In this work, the AN-associated human gene ‘NNAT’ was investigated to predict the impact of structural modifications at NNAT’s PTM-acetylation site (K59) through other amino acid substitutions instead of LYS. The PTM-acetylation site of this gene was already reported for its commonest molecular interactions/involvement when experiments were conducted with different drugs (as ligands) used to manage AN. Moreover, we computed the functional stability and increase or decrease in molecular flexibility of the NNAT protein with the wild type and structurally modified showing the possibilities of other amino acid substitutions through the computation of pathogenicity scores by various in silico machine learning algorithms.

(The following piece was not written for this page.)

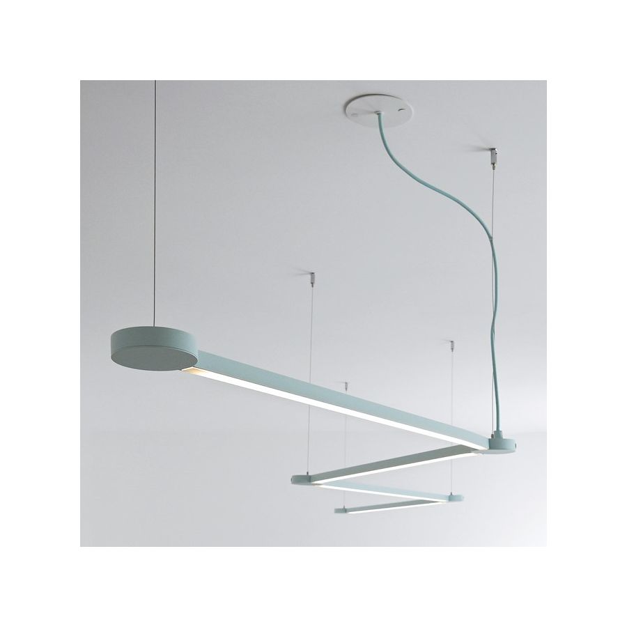 With Poses, designers can compose endless geometric configurations, diffusing light through intersecting straight lines and junction points. The system features 359° rotatable linear modules linked to circular satellites with a magnetic cover. Available in suspension, wall, and ceiling versions, Poses offers versatile lighting solutions for any space.

Through consensus classifier-based estimation of the expected accuracy of modified structural models (at the 59th position), we found the three most pathogenic substitutions (i.e., PRO, THR, and ASP) with the highest pathogenic scores. We built wild-type and these three residue-specific substitution models and investigated them in terms of in silico molecular drug-binding affinities as well as inhibition (Ki) constants with the therapeutic compounds of AN. The main strength of this work is the computation of the lowest Ki constant in structurally modified models (K59P, D, and W) as compared to the wild type, which showed that any future variation in the NNAT gene’s PTM-acetylation site in terms of the above-mentioned residues has the highest binding tendency with AN drugs. Thus, it may represent the tight binding of drug–protein interaction, thereby serving as the structural and functional basis for the propensity of AN associated with the NNAT gene. Therefore, these structural modifications at the PTM-acetylation site of the NNAT gene will be considered as a potential target to predict the impact of structural modifications on drug interaction in therapeutic intervening targets for the management of AN.

The main limitation of this work was the absence of 3D NMR/crystal structures with previously reported literature showing significant details on protein dynamics and flexibility. So far, no previous information representing the accurate molecular 3D confirmation of the NNAT gene with a prominent role of the PTM-acetylation site at the 59th position has been reported. Hence, the lack of previous data could be seen to be a gap in the study validation factor and a barrier to accurately predicting the pathophysiology of AN related to structural variants' role at the PTM-acetylation site.

What is already known on the subject?

The protein encoded by the NNAT gene is a proteolipid that may be related to regulating ion channels throughout brain development. The role of the NNAT gene in energy metabolism has already been well established. In 2019, 2021, and 2022, Lombardi et al., Ceccarrini et al., and Azmi et al., respectively, reported the role of the NNAT gene in the pathophysiology of AN. Azmi et al., in 2022, reported the prominent drug–protein (NNAT) interactions with a mutant NNAT model (C30Y), with the most common interactions observed at the PTM-acetylation site.

What does this study add?

In this study, the role of structural modifications on the PTM-acetylation site (59th position) of the NNAT gene was investigated. With the aid of other 19 residue-specific structural possibilities at the PTM-acetylation site, the effect of residue substitution on protein dynamics and the decrease in molecular flexibility with structural destabilization were reported. Interestingly, three residue modifications, i.e., K59D, K59P, and K59W, were found to be the most deleterious substitutions at the acetylation site of the NNAT gene. The 3D models of these structural modifications can markedly reduce the ΔGbind (kcal/mol) and inhibition constants (Ki) compared to the wild type.